17. A number of additional policy tools have the potential to contribute to the monitoring and evaluation of progress in achieving SFM. Although controversial, voluntary codes of conduct, certification and labelling have been identified by the G8 and participants at the XI World Forestry Congress as valuable tools that do not require government intervention.


18. The dividing line between national and international challenges in forest policies continues to blur as organizations and mechanisms that extend beyond the borders of single countries take interest in traditional areas of national sovereignty, and as financial and capital markets sustain their pace of global integration. Although many international instruments of relevance to national forest policy are legally non-binding, they are increasingly regarded as political commitments subject to sanctions in the form of negative international exposure, with potentially serious economic and political repercussions. The implementation of forestry policies mandated by international obligations often exceeds the domestic financial and human resources of developing countries, and available resources for forest sector investment have been declining since 1993.
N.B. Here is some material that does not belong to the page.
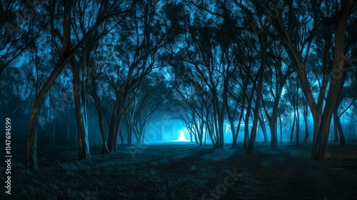Enchanted Forest Path with Glowing Mystical Figure Amid Dark Trees and Ethereal Blue Fog

19. The international endorsement of national forest programmes as the preferred policy framework for forest sector development and the elaboration of the guiding principles outlined in the IPF proposals for action creates an opportunity as well as a responsibility to improve the exchange of best practices and key lessons between governments and other stakeholders. FAO has organised three regional workshops on "International cooperation and resource mobilisation for the implementation of the IPF proposals for action related to national forest programmes", at which participants noted the need for more concerted action by the donor community to revitalise initiatives in countries which have developed strategic frameworks for the forestry sector. The key challenge that presents itself is not solely to augment the flow of information and technical and financial resources, but also to enhance its usefulness, particularly across country contexts, and thereby its applicability.

20. Sustainable forest management requires substantial financing, the generation of which constitutes a second national policy challenge with international ramifications. Funding from both domestic and international public sources, essential for human resources development, institutional capacity building and technology assessment and transfer, has decreased. Although private capital flows to forestry activities are increasing, they are unevenly targeted and do not always contribute to SFM. The private sector is also said to face problems accessing start-up capital, particularly in developing countries, as well as risks and uncertainties involved in SFM activities. The IPF has called for the creation of an attractive investment environment, preferably through economic-financial or market-led policy tools. Furthermore, the IFF at its second session considered national forest programmes "to be a viable framework for addressing forest sector issues, including implementation of the IPF's proposals for action in a holistic, comprehensive and multi-sectoral manner".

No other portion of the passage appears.